Integrating exponential functions

[karush]

$\int x (5^{-x^2})dx= -\frac{1}{2} \int 5^{-x^{2}}(-2x)dx$

how is $\frac{1}{2}$ in front of the $\int$ derived

 

[JJacquelin]

dx is missing !
5^-x²=exp(-x²ln(5))
x²=t
x dx = dt/2

 

[karush]

sorry i hit the save instead of preview thot I cud fix it before reply

 

[MarkFL]

I've done that before, and it is annoying! (Headbang)

 

[CaptainBlack]

$\int x (5^{-x^2})dx= -\frac{1}{2} \int 5^{-x^{2}}(-2x)dx$

how is $\frac{1}{2}$ in front of the $\int$ derived

\[\int x (5^{-x^2})dx= \int x e^{-x^2\ln(5)}dx\]
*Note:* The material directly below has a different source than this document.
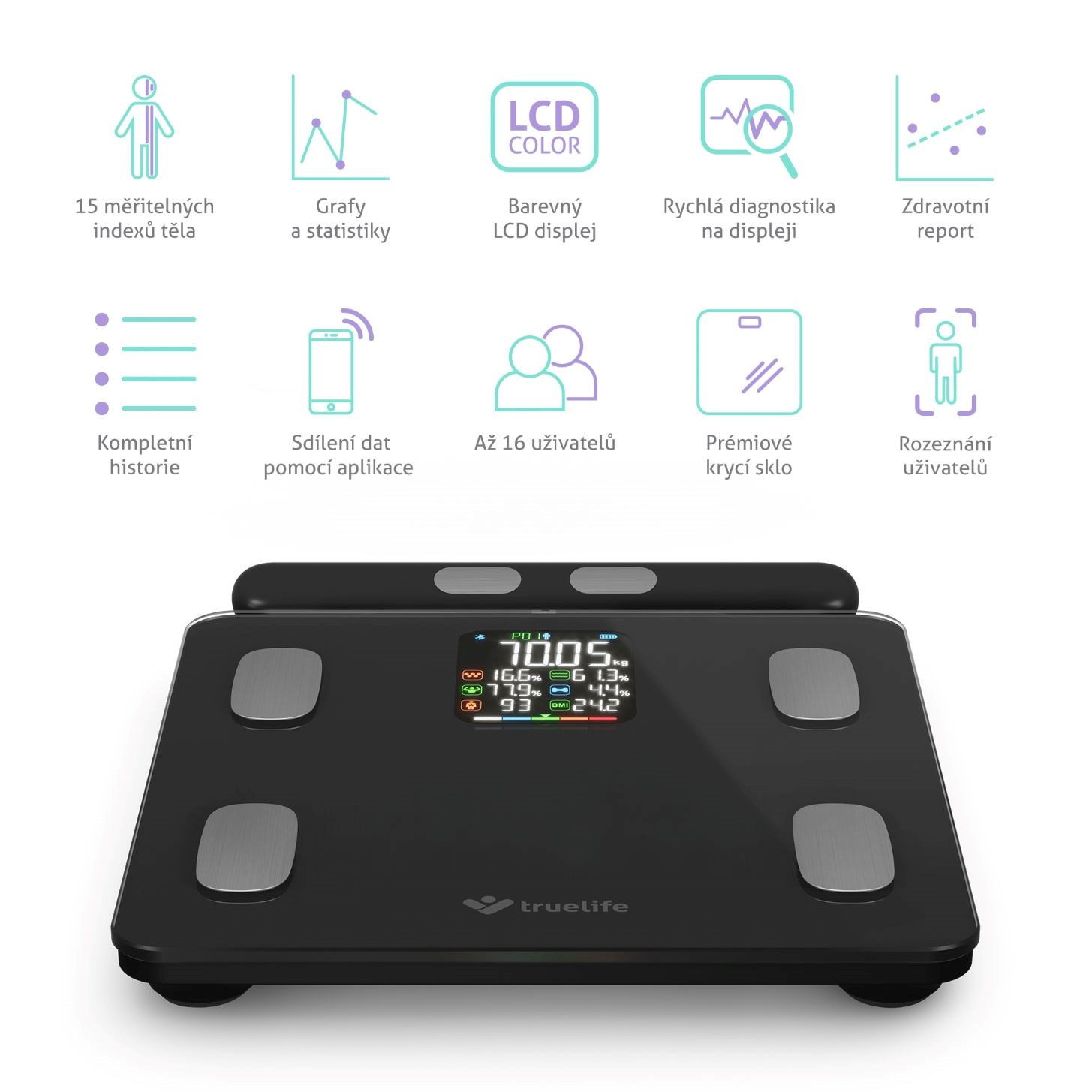 TrueLife FitScale W8 BT Black pomocí Bluetooth snadno propojíte s aplikací, která je kompletně v češtině, přináší řadu výhod a rozšiřuje možnosti osobní váhy. Během vážení se údaje automaticky s aplikací synchronizují, a to až pro 16 uživatelů. Přehledný report pak nabízí 15 indexů těla s detailním vysvětlením a doporučením týkajícím se stravy a cvičení, jak postupovat k vytyčenému cíli. Z 15 posledních měření vytvoří aplikace i grafy a statistiky, aby byl vývoj zřetelnější. Data lze synchronizovat také s aplikacemi Moving life, Apple Health, Google Fit a Fitbit.

Now: \[\frac{d}{dx} e^{-x^2\ln(5)}=-2x\ln(5) e^{-x^2\ln(5)}\] so:

\[\begin{aligned}\int x (5^{-x^2})dx &=-\frac{1}{2\ln(5)}\int \frac{d}{dx} e^{-x^2\ln(5)} dx\\
&=-\frac{e^{-x^2\ln(5)}}{2\ln(5)}+ C \\ &=-\;\frac{5^{-x^2}}{2\ln(5)}+C \end{aligned} \]

CB